**Data**
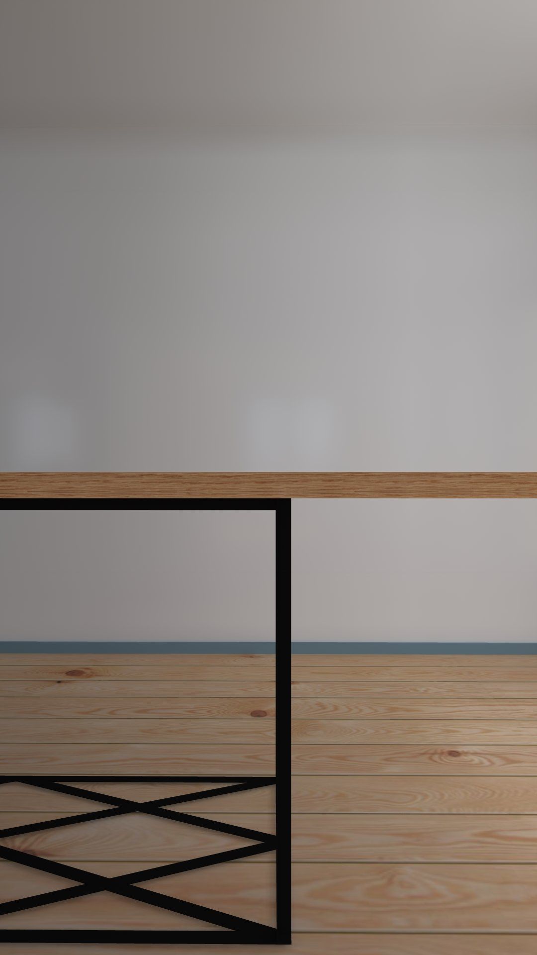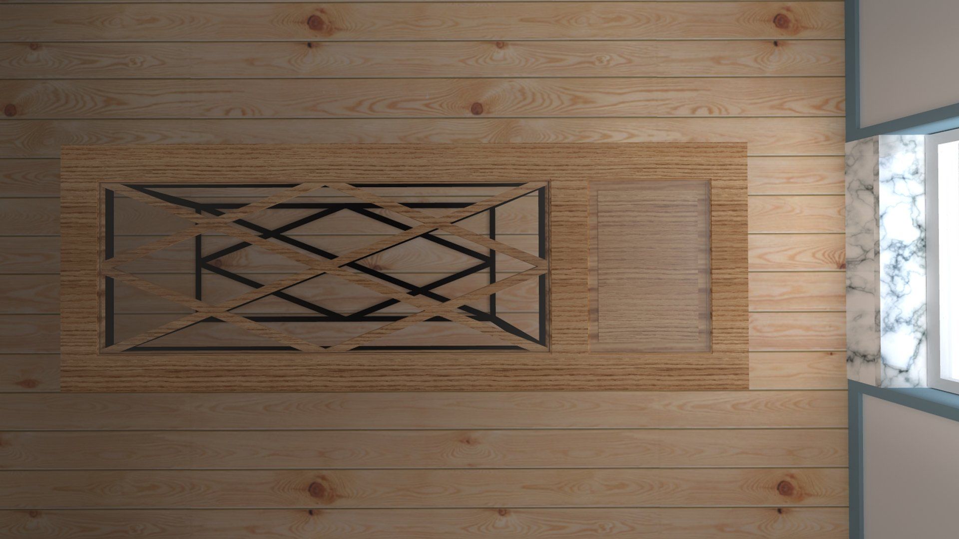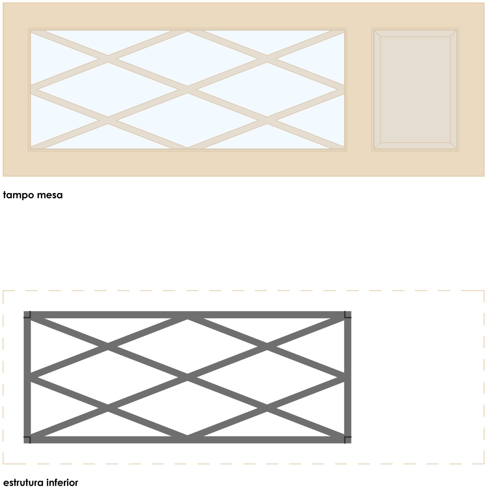 Contrastando com a delicadeza da madeira e assumindo o caracter industrial do ferro pintado, foi criada uma estrutura de suporte que se relaciona com a porta ao refletir o seu desenho.
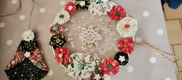 Nous souhaitions partager avec vous un joli moment de convivialité : notre journée de Noël de l’association. À cette occasion, l’ensemble des adhérents s’est retrouvé pour une activité créative et festive : la réalisation d’une couronne de Noël, une belle idée proposée par les patcheuses.
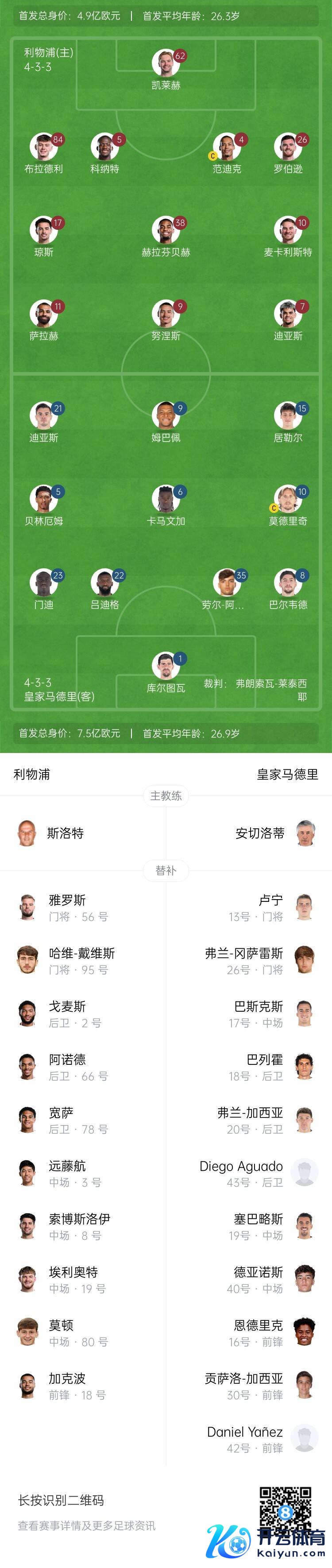 11月28日讯 欧冠联赛阶段第5轮,利物浦主场对阵皇马。赛前,官方公布了本场的首发名单,维尼修斯、琼阿梅尼伤缺。
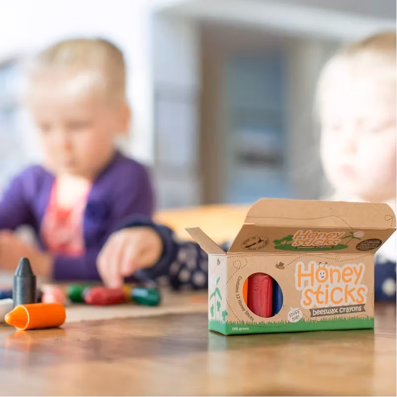 12-pack giftfria Honeysticks bivaxkritor. Tjocka kritor, lätta att hålla för barn. Livsmedelsgodkända pigment & plastfria.
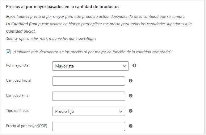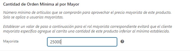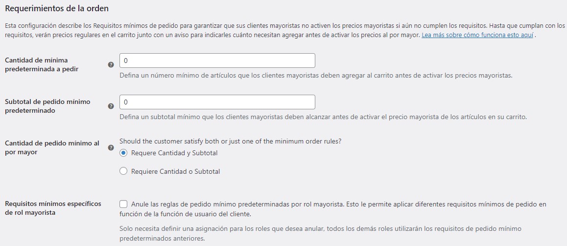 Cantidad mínima de pedido predeterminada: defina una cantidad mínima de artículos que los clientes mayoristas deben alcanzar en el carrito antes de activar el precio mayorista.
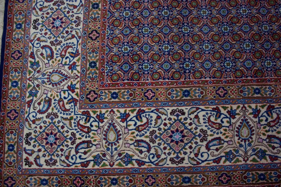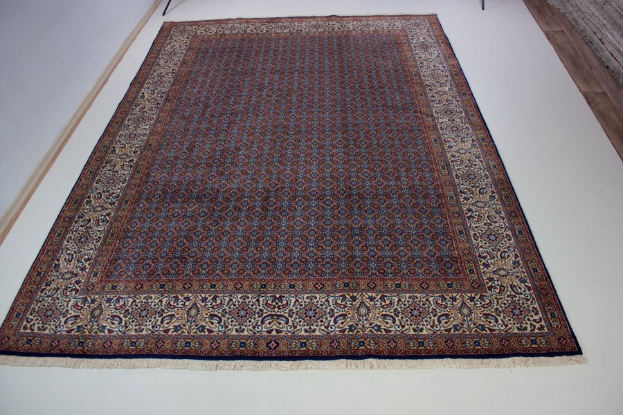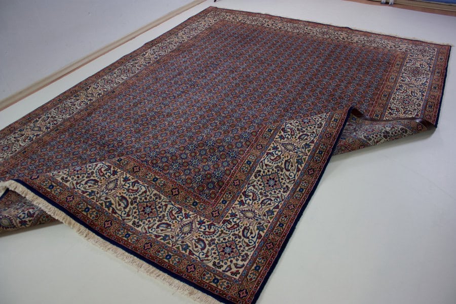 Die besten und schönsten Mescheder Teppiche werden als Moud bezeichnet. Sie zeichnen sich vorallem durch besonders feine Knüpfung, einen glatt geschorenen, dichten mittelhohen Flor sowie durch das sehr klar gezeichnete, reiche Medaillon- und Ranken-Blüten-Muster mit harmonischen Farben aus. Die Moud-Teppiche haben eine ausgesuchte, vorzügliche Knüpfwolle mit Glanz und eine feste aber biegsame Struktur. Das Grundgewebe besteht aus dünn gesponnenem Baumwollgarn. Die Knüpfungsdichte ereicht oft die 400.000 persischen Knoten pro Quadratmeter.
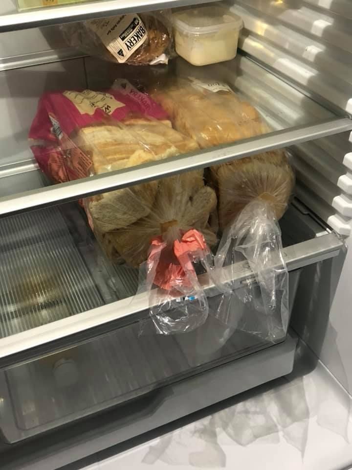Холодильник - это камера пыток для хлеба, там он черствеет мгновенно. Лучше использовать деревянную хлебницу. А если купили лишнего - сразу в морозилку. После духовки такой багет будет как из парижской пекарни.

**Work request**
The output is the lines from the start of the data above through the line containing "Cantidad mínima de pedido", unchanged, with any picture left out.

**Result of this task**
 Contrastando com a delicadeza da madeira e assumindo o caracter industrial do ferro pintado, foi criada uma estrutura de suporte que se relaciona com a porta ao refletir o seu desenho.
 Nous souhaitions partager avec vous un joli moment de convivialité : notre journée de Noël de l’association. À cette occasion, l’ensemble des adhérents s’est retrouvé pour une activité créative et festive : la réalisation d’une couronne de Noël, une belle idée proposée par les patcheuses.
 11月28日讯 欧冠联赛阶段第5轮,利物浦主场对阵皇马。赛前,官方公布了本场的首发名单,维尼修斯、琼阿梅尼伤缺。
 12-pack giftfria Honeysticks bivaxkritor. Tjocka kritor, lätta att hålla för barn. Livsmedelsgodkända pigment & plastfria.
 Cantidad mínima de pedido predeterminada: defina una cantidad mínima de artículos que los clientes mayoristas deben alcanzar en el carrito antes de activar el precio mayorista.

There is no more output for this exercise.